[Data items]
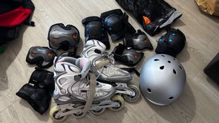 Patines en linea talla 30-32 Protecciones talla 2xs de 3 a 7 años hasta 25 kg. Usados pero en buen estado
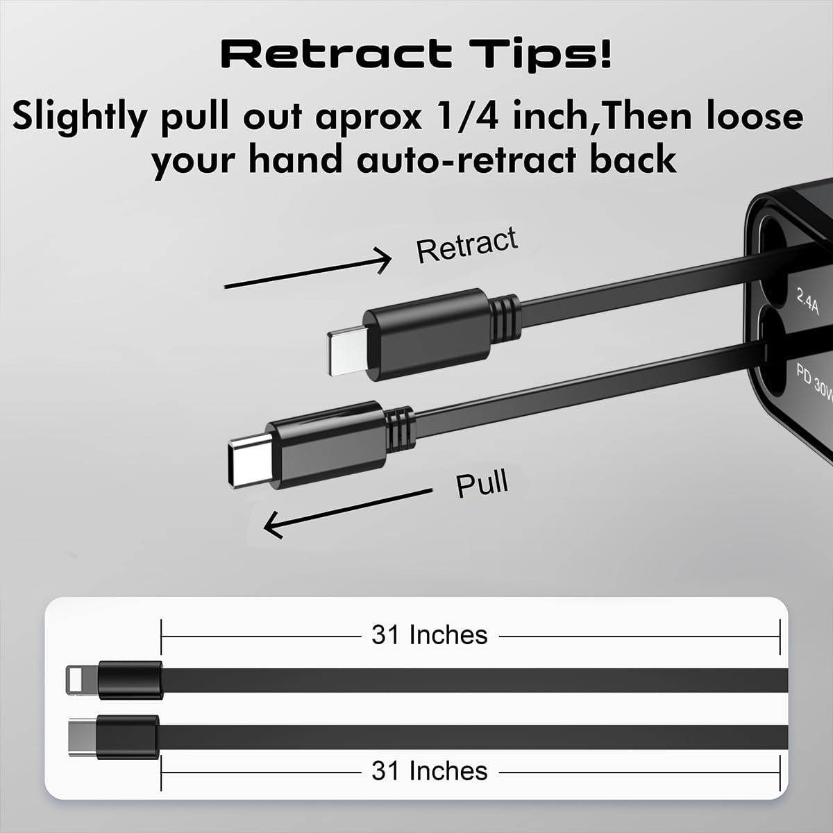 - SPACE-SAVING DESIGN WITH POWERFUL PERFORMANCE:This 4-In-1 Retractable Car Charger Combines A Compact Size With Powerful Charging Capability. Designed To Fit Snugly Into Your Car'S Interior, It Rotates 160° And Is Compatible With 12v Cigarette Lighters (0.8-Inch Width, 2.8-Inch Depth). Its Retractable Cable Extends Up To 31 Inches, Keeping Your Car Organized. A Perfect Blend Of Space-Saving Design And Functionality, This Charger Is An Ideal Gift For Truck Drivers, Commuters, Or Anyone Who Needs Quick And Efficient Charging On The Go
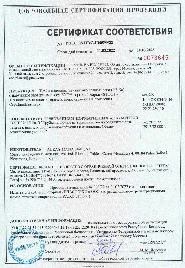 STOUT SPX-0001-241622 16x2,2 бухта 240 метров PEX-a труба из сшитого пол. RG008Q0THCPVR5
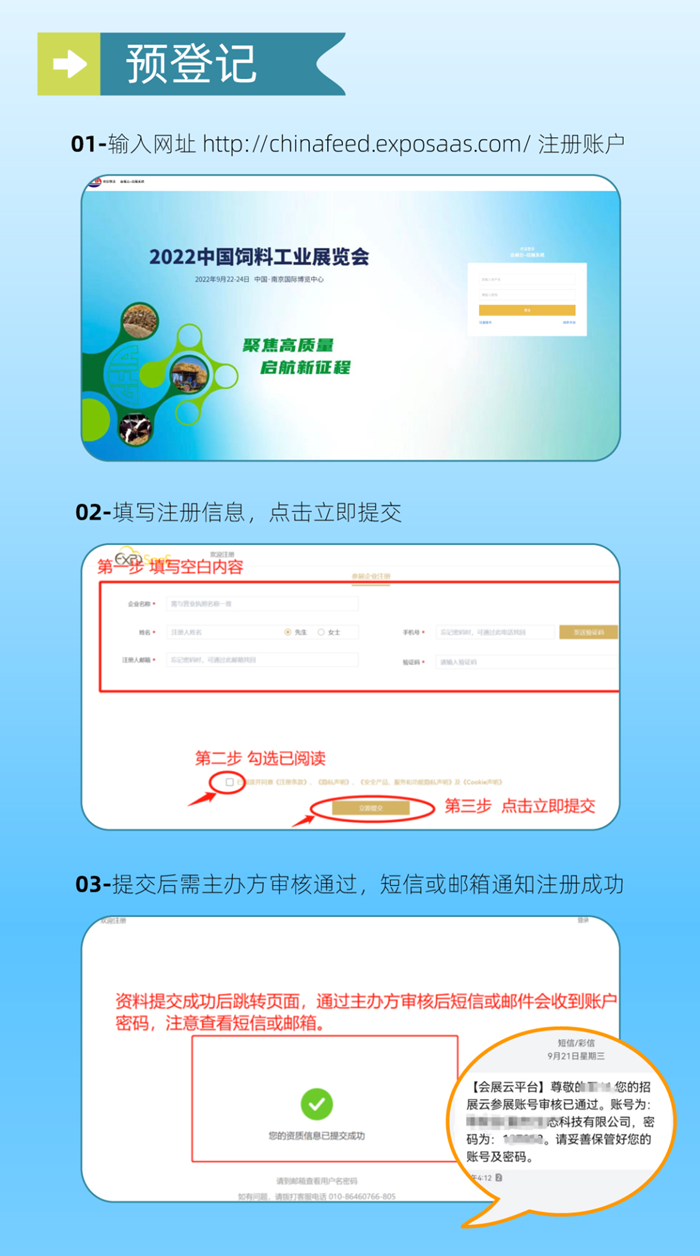 各位展商朋友们,大家好!饲料展历经26年的精心耕耘,已成为国内饲料行业规模大、专业化程度高、影响力传播力强的专业展会。随着信息化的发展,饲料展也逐渐进行信息化升级,2022年展会首次启用线上签约,2023年展会再开新篇,启动线上报名功能。为了便于大家及时报名,现将预登记及报名操作流程发布。请及时注册账户,为报名做准备哦!
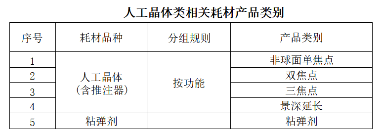 人工晶體類相關耗材包括:獲得中華人民共和國醫療器械注冊證的人工晶體耗材(不包括硬性人工晶體、有晶體眼人工晶體, 下同)、粘彈劑。人工晶體耗材須包含可與其配套使用的推注器。
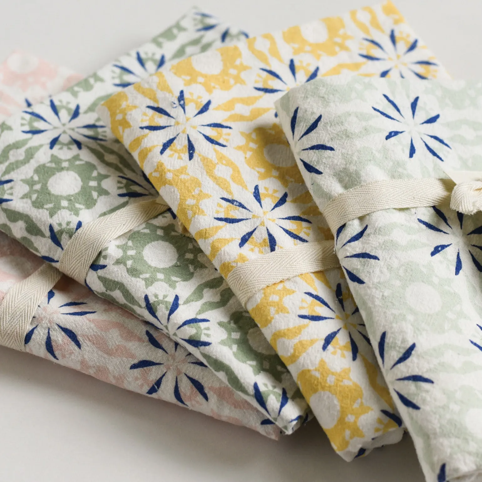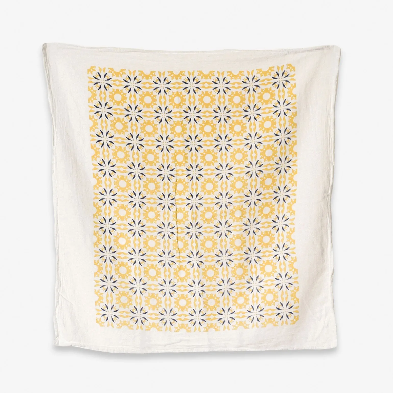 Our Tangerine Woodblock Chicory design is individually screen printed featuring an all-over pattern covering most of the towel. Screen printed on flour sack cotton to preserve its uniquely soft, absorbent, and durable nature, this towel is machine washable and safe to bleach, allowing it to hold up for everyday use.
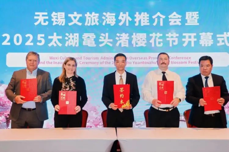 作为与日本弘前樱花园、美国华盛顿樱花园齐名的“世界三大赏樱胜地”太湖鼋头渚此次借力国际化平台,与欧赛斯旅行社等4家欧洲旅行商签署客源互送协议,并聘请4位海外推荐官担任“无锡文旅海外推广大使”。
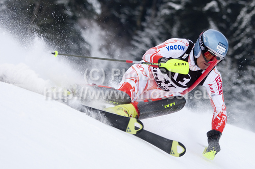 : Kalle Palander (FIN) attacks a control gate while competing in the slalom race part of Audi FIS World Cup races in Kitzbuhel Austria.
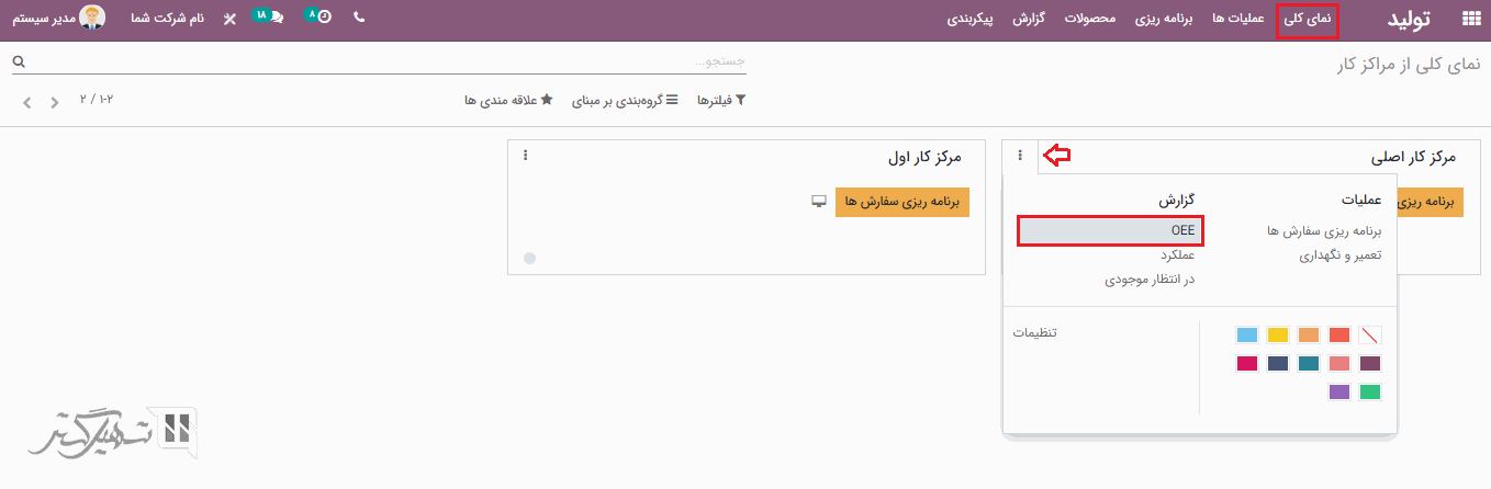 در هر مرکز کار، ما OEE (هدف کارآیی کلی و موثر بر حسب درصد) را اضافه می کنیم.
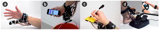 - Wu, F.Y.; Asada, H.H. “Hold-and-manipulate” with a Single Hand Being Assisted by Wearable Extra Fingers. In Proceedings of the 2015 IEEE International Conference on Robotics and Automation, ICRA ’15, Seattle, WA, USA, 26–30 May 2015; pp. 6205–6212.

Required action:
Every line from the one that contains "in Kitzbuhel Austria." through the end of the records above is to be reproduced exactly; no picture goes in the copy.

Output:
 : Kalle Palander (FIN) attacks a control gate while competing in the slalom race part of Audi FIS World Cup races in Kitzbuhel Austria.
 در هر مرکز کار، ما OEE (هدف کارآیی کلی و موثر بر حسب درصد) را اضافه می کنیم.
 - Wu, F.Y.; Asada, H.H. “Hold-and-manipulate” with a Single Hand Being Assisted by Wearable Extra Fingers. In Proceedings of the 2015 IEEE International Conference on Robotics and Automation, ICRA ’15, Seattle, WA, USA, 26–30 May 2015; pp. 6205–6212.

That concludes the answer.